Work instructions: Collect from the data below each line with "para".
[[ Dataset entries open ]]
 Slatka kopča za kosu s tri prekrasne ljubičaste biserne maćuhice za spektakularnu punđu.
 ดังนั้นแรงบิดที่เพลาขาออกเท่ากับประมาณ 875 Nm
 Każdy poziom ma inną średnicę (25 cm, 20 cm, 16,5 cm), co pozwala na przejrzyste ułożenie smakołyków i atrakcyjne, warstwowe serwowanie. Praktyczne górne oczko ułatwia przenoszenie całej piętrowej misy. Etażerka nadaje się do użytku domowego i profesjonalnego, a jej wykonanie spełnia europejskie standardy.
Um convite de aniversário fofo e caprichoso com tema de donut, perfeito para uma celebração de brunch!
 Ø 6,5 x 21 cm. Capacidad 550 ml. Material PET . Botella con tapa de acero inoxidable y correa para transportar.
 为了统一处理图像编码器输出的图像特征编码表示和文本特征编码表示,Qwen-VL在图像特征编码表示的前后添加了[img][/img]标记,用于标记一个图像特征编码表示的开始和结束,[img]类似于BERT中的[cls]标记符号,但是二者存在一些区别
[[ Dataset entries closed ]]
[[ Dataset entries open ]]
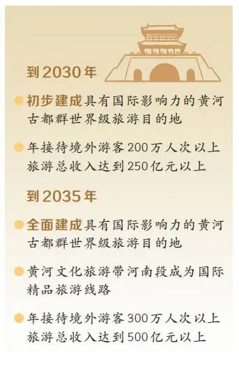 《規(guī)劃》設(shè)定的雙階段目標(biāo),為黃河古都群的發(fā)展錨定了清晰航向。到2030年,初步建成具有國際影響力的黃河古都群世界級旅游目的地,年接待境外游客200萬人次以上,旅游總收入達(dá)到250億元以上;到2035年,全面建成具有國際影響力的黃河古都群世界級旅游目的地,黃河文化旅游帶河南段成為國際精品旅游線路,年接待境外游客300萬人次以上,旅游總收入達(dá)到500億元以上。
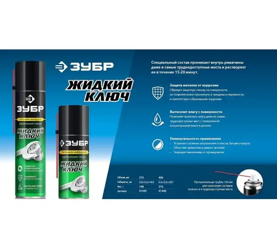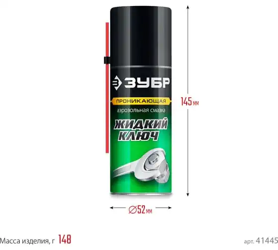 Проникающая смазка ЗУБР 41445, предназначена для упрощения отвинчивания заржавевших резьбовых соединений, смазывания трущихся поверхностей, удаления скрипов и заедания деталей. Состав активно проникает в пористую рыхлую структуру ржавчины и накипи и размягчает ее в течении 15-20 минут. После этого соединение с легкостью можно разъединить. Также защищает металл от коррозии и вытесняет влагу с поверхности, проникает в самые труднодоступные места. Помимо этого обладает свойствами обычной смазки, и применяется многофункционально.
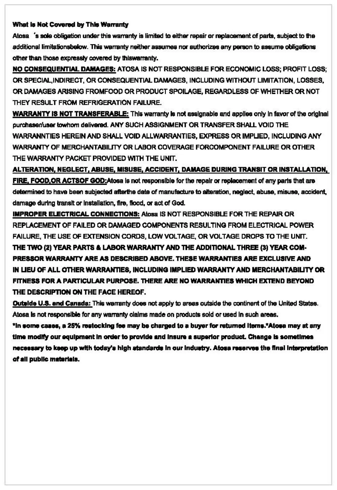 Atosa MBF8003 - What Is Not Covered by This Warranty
[[ Dataset entries closed ]]
Task response:
Um convite de aniversário fofo e caprichoso com tema de donut, perfeito para uma celebração de brunch!
 Ø 6,5 x 21 cm. Capacidad 550 ml. Material PET . Botella con tapa de acero inoxidable y correa para transportar.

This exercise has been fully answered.